On Mon, Oct 5, 2015 at 10:36 AM, David Bokan <bo...@chromium.org> wrote:On Mon, Oct 5, 2015 at 7:40 AM, David Bokan <bo...@chromium.org> wrote:1. Crash early - A crash at an assert is much easier to debug and less likely to cause unexpected behavior down the line. I'm currently debugging a crash that started off as a mysterious access violation. It took several hours of poking at disassembly and minidumps to figure out what's actually wrong. That pointed me to an ASSERT which I turned into a RELEASE_ASSERT in canary triggering the problem. Having a crash at the assert would have saved me hours of work and is a much clearer signal of what's wrong.I usually compile the debug version when debugging, for this reason. There is also a way to compile release mode with asserts, which will have some performance advantage if that is needed.Right, but we'll never catch more than the mainline issues this way since we have <1000 (<100?) people running this way, following very specific usage patterns as they test their specific features. Things have gotten a bit better recently, but I've been put off running Debug mode in the past since I'd be tripping over various unrelated ASSERTs just trying to navigate to test my feature.All tests on bots, release or debug, should be running with all assertions enabled. The coverage is thus not just the manual usage of a few hundred developers, it's our whole test coverage. If that's still grossly insufficient to find bugs, then I suggest that implicates our test coverage.

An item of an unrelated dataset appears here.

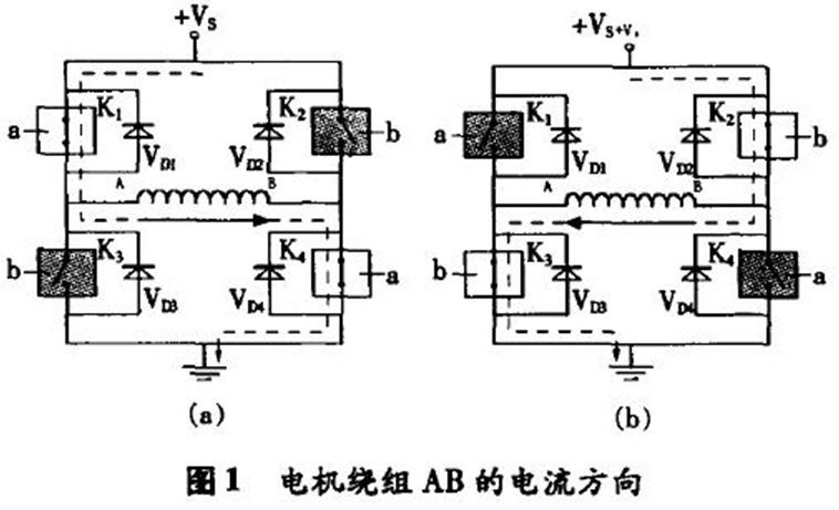 4個(gè)開關(guān)K1和K4,K2和K3分別受控制信號a,b的控制,當(dāng)控制信號使開關(guān)K1,K4合上,K2,K3斷開時(shí),電流在線圈中的流向如圖1(a),當(dāng)控制信號使開關(guān)K2,K3合上,K1,K4斷開時(shí),電流在線圈中的流向如圖1(b)所示。4個(gè)二極管VD1,VD2,VD3,VD4為續(xù)流二極管,它們所起的作用是:以圖1(a)為例,當(dāng)K1,K4開關(guān)受控制由閉合轉(zhuǎn)向斷開時(shí),由于此時(shí)線圈繞組AB上的電流不能突變,仍需按原電流方向流動(即A→B),此時(shí)由VD3,VD2來提供回路。因此,電流在K1,K4關(guān)斷的瞬間由地→VD3→線圈繞組AB→VD2→電源+Vs形成續(xù)流回路。同理,在圖1(b)中,當(dāng)開關(guān)K2,K3關(guān)斷的瞬間,由二極管VD4,VD1提供線圈繞組的續(xù)流,電流回路為地→VD4→線圈繞組BA→VD1→電源+Vs。步進(jìn)電機(jī)驅(qū)動器中,實(shí)現(xiàn)上述開關(guān)功能的
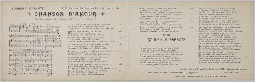 Extrait "Chanson d'amour" de la collection des chansons populaires bretonnes

To be clear, the release trybots are compiled with assertions enabled. The release continuous (waterfall) bots are not, because we want them to run what we ship (and we have debug continuous coverage to catch the assertion failures). Hopefully that's what you meant?
PK
Couldn't we release the binaries for Canary/Dev (and maybe Beta) with dcheck_always_on?That way we would catch more asserts than we currently do without impacting stable.